クリスに尻尾をゆるゆると撫でられたり、ルルちゃんがおれの手を自分の太ももに挟んでむぎゅむぎゅしたり。
一番びっくりしたのは、サービスエリアでトイレ休憩をした後、柚希ちゃんがおれを膝に乗っけると言い出したことだ。
「あまねちゃん軽かけん大丈夫!」
にっこり言われて座らされると、二つの質量兵器がおれに直撃でメッチャ気持ちいい。もちろんクリスによる尻尾なでなでやらルルちゃんの太ももも堪能させてもらい、結局魔力はすごく回復した。
回復したけど、むしろ生殺しだよ!
お腹ぺっこぺこだよ!
「……お金貯めたら、大悟にキャンピングカー買ってもらおう」
ベッド付きの車を買う決意をしながら、目的地へと降り立つ。
場所は千葉県。ディスティニーランドでデートとかしたいなー、とか現実逃避をするけれど、おれたちがいるのはもっと都心から離れた、まさに山の中って感じのところだ。

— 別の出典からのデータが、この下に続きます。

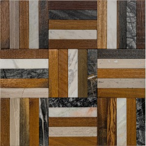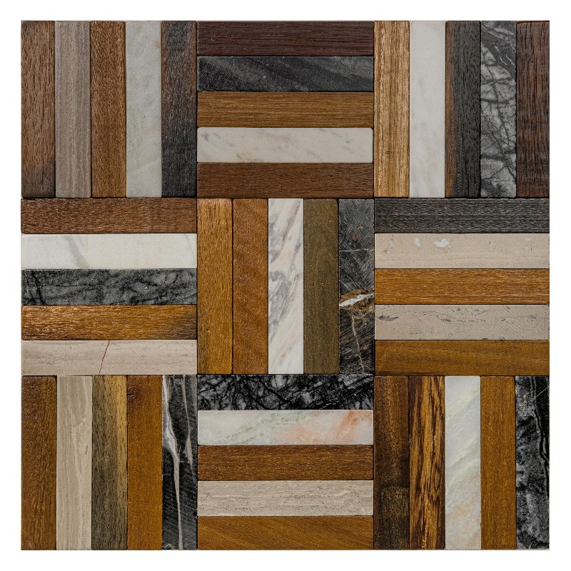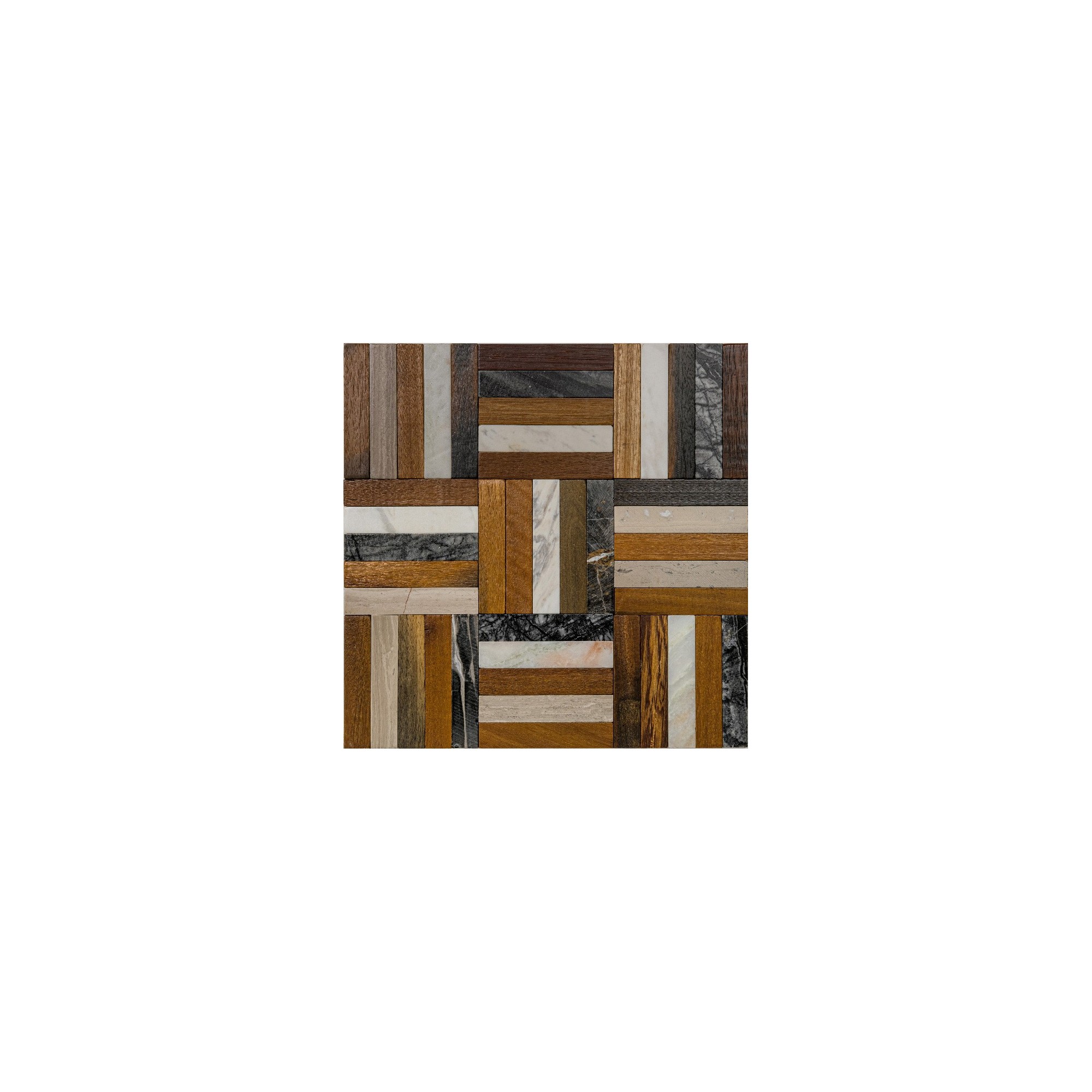 Mosaico in legno nautico di recupero e pietra naturale, idoneo per pavimenti e rivestimenti interni residenziali e pubblici; adatto anche per bagni e cucine.

ゴルフ場や廃金属集積場がぽつぽつと立ち並び、見通しが悪いところは雑木林。見通しがいいと思えば畑。田舎というか、居住目的ではない開発が行われた結果、といったところだろうか。一応は民家もあるけれど、おれたちが通った道はお隣さんまで2km以上あります、みたいな感じであった。
街灯もぽつん、ぽつんと距離が空いており、LEDじゃないので暗い。
利用目的不明の空地に車を止めると、そこには銀のレクサスが一台。中にいたのは土御門さんであった。どうやら先に来て、おれたちを待っていたらしい。
「……良く来た。が、もう夜も遅いのにこんなこどもが……」
おれとルルちゃんを険しい顔で見る土御門さんだが、三条さんがまぁまぁ、と取りなす。うん、苦労人だよね。車の中でのことも本当にごめん。
「宗谷様もルル様も一般人とは少し違いますし、ここで一般的な社会道徳を説かなくてもよろしいかと」
「……しかしな」
「お嬢様にもそうやって食い下がっておられるので?」
「グッ! ……いくぞ!」
なんと土御門さん、二児の父だった。しかも反抗期真っ盛りなんだとか三条さんがこっそり教えてくれた。
もしかして祓魔師協会だけじゃなくて家庭でもストレス溜めてるのかな……。
「この先に、廃棄された結核療養所があります」
「そこに例の妖魔に関する何かが?」
「まぁそれを確認にいくんです」
「エッ」
懐中電灯は土御門さんと三条さんが一本ずつ。おれたちは何も持っていない。だというのに当たり前のように真っ暗な森のほうに進んでいくのだ。
有体にいって、死ぬほど怖い。
死ぬほど怖いけど、怖がりって思われたくない。
「る、ルルちゃん、怖くない? 手ェ繋いであげようか?」
「? ルルはこのくらいなら、よく見えるのです」
あああああ!
うさぎは夜目が利くのか!
「ゆ、ゆず……」
「何か探検んごたってわくわくするね!」
光属性は闇にも強いのか……!
光と闇はお互いに弱点ってのが定石だろうに……!
「クリスぅ……」
「……ほら」
しょうがないのでクリスに手をつないでもらうことにした。
耳元で、「私を頼るのは最後?」とちょっと不機嫌そうな質問をされたので、見栄を張るのを諦めて小声で全部話す。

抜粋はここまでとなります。